My husband was military and I grew used to the constant 'alert' calls and spontaneous field operations that meant I had to get up and help with gear while he got ready so losing sleep is not a new game. An entirely new dimension was brought to the lack of sleep when my daughter arrived. It's never really bothered me before, but I rather enjoy sleeping and it's different to not sleep because you have things to do than it is to sit here and stare at a flashing cursor for hours on end and not be able to.

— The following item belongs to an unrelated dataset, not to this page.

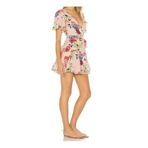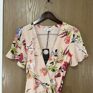 Privacy Please Revolve Finlay Mini Wrap Dress Nude Amy Floral Size S New V-Neck

I suppose I'll either get used to it or continue posting minor grievances here :) Thanks for the insight into your sleeplessness. Maybe I should train myself to remain awake for days at a time and learn to power nap.:confused:

~lucky
 
Lol you'd think having to wake up at 6 I'd get to bed by 12 but I generally turn in at around 2 am I rarely have more than four of five hours of sleep. :rolleyes:

I don't feel tired though it's just the way I am I guess
 
By the time I realized I wanted a sleeping pill, it was too late to go to bed early. Five hours later, here I am wishing you all a good morning before I try once again to go to sleep.

Argh.
 
Regarding the underwear-issue, I must say that I've always found it much easier to reach heaven WITHOUT underwear.
 
5:10 a.m.

If I sleep as soon as my head hits the pillow, I'll have a little more than an hour before the dog wakes me up for breakfast. If I refuse to wake up, the dog stands with her front paws on the edge of the mattress and actually pounds her fists. Yes, she has fists at that moment.

Even if I feed her now, she'll still wake me up at the appointed time.

:rolleyes:
 
:(

Me again...been sitting here so long I just heard the same song on the radio for the third time.

Anyone got any sleep aid ideas other than popping pills or getting laid? (I hate pills and I'm out of batteries.)